# Federal Bear Claw vs. Remington Scirocco



## kaboovy man (Sep 20, 2004)

Shooting a 300 RUM. Pretty much settled on 180 grain. Hunting both whitetail and elk and want to standardize on load. I group both the Federal TBBC and Remington Scirocco decent at 200 yards. Never killed an animal yet with the 300, looking for feedback with folks who have had experience with bullet performance on both for game.
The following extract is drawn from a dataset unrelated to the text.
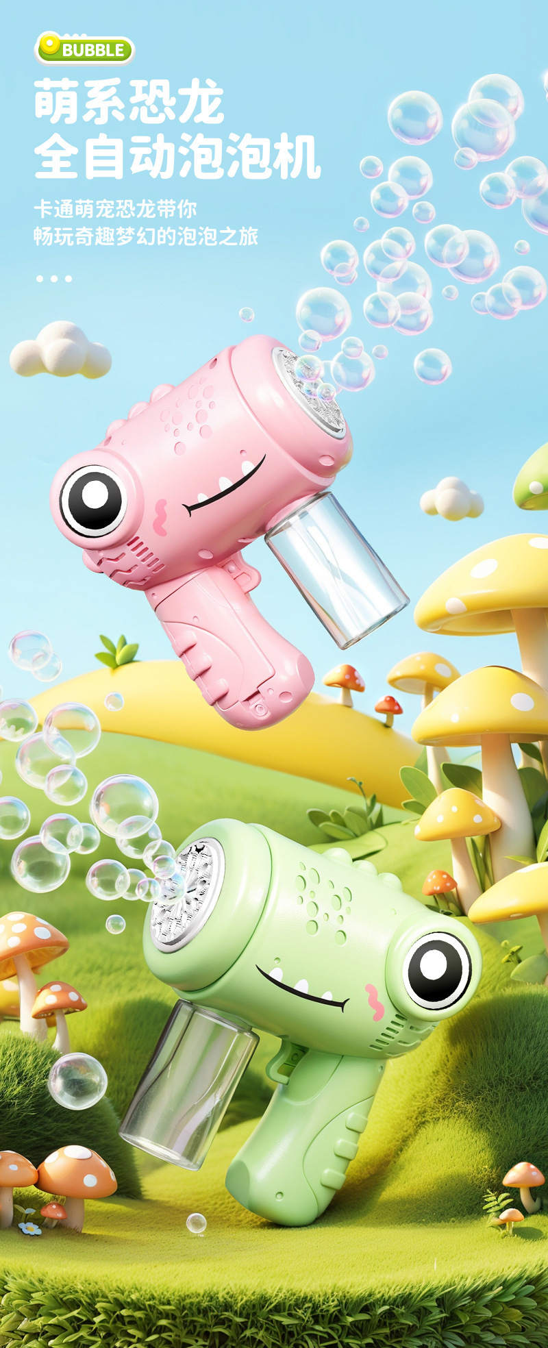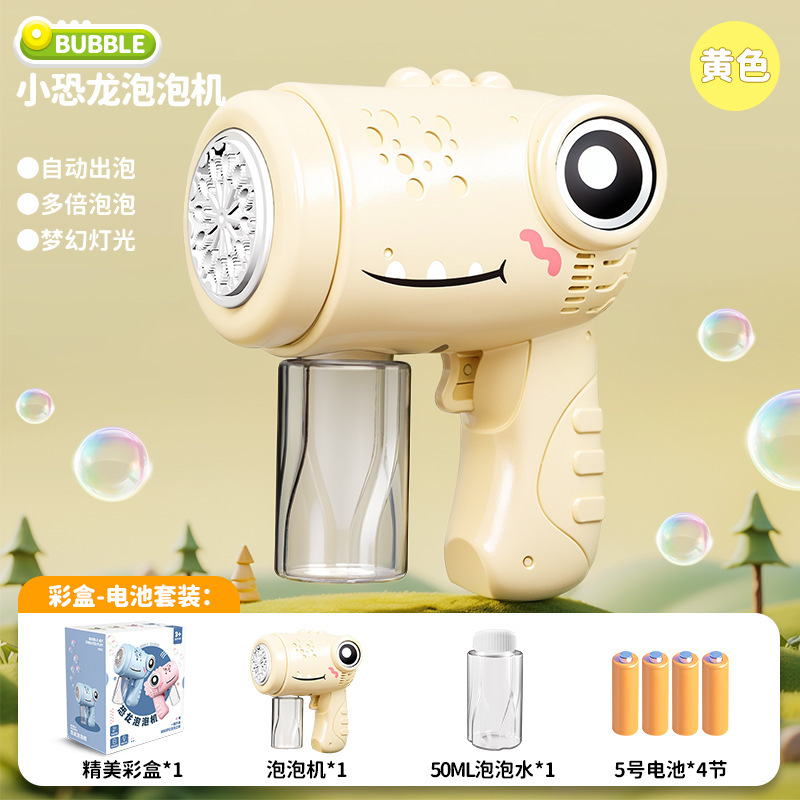 새로운 인터넷 인기 공룡 자동 버블건 어린이용 전동 버블머신 조명 버블블로워 크로스보더 장난감 도매스토어 가기

Hunted for years with Federal for my 30-06 never a problem. The Scirocco is cheaper and has better ballistics, but so what.

Thanks for your feedback


----------



## Niles Short (Mar 18, 2004)

never tried that but have on and off luck with the Barnes X sometimes groupings are good somtimes not depending on cal. and load


----------



## Rick Fode (Sep 26, 2004)

I also just purchased a 300RUM, but still hanging on to my Model 4 Rem 30-06. Being a U.S. Marine we shoot alot of rounds and am always looking for the ultra flat shooting rifle. Well the 300RUM is the ticket, I bought a case of 150gr. scirocco bonded after testing them out for a few shots. Any bullet that drops only 11 inches at 400 yards is truly amazing and the 150gr does just that. I only hunt whitetails so I have no clue on what a 150gr bullet would do to an elk but I'd guess it would be a little light, you are better off with the 180gr for elk. You sacrifice some acceleration but you gain alot more energy for knockdown power. My uncle shoots the 338RUM for elk with a 250gr bullet and he claims one shot is all she wrote. My 300 with 150gr far outshoots his 338 with 250gr on paper. All I can say is muzzle brake, what a difference. Mine feels like a 270 but twice as loud for the guy standing next to you. Good luck!


----------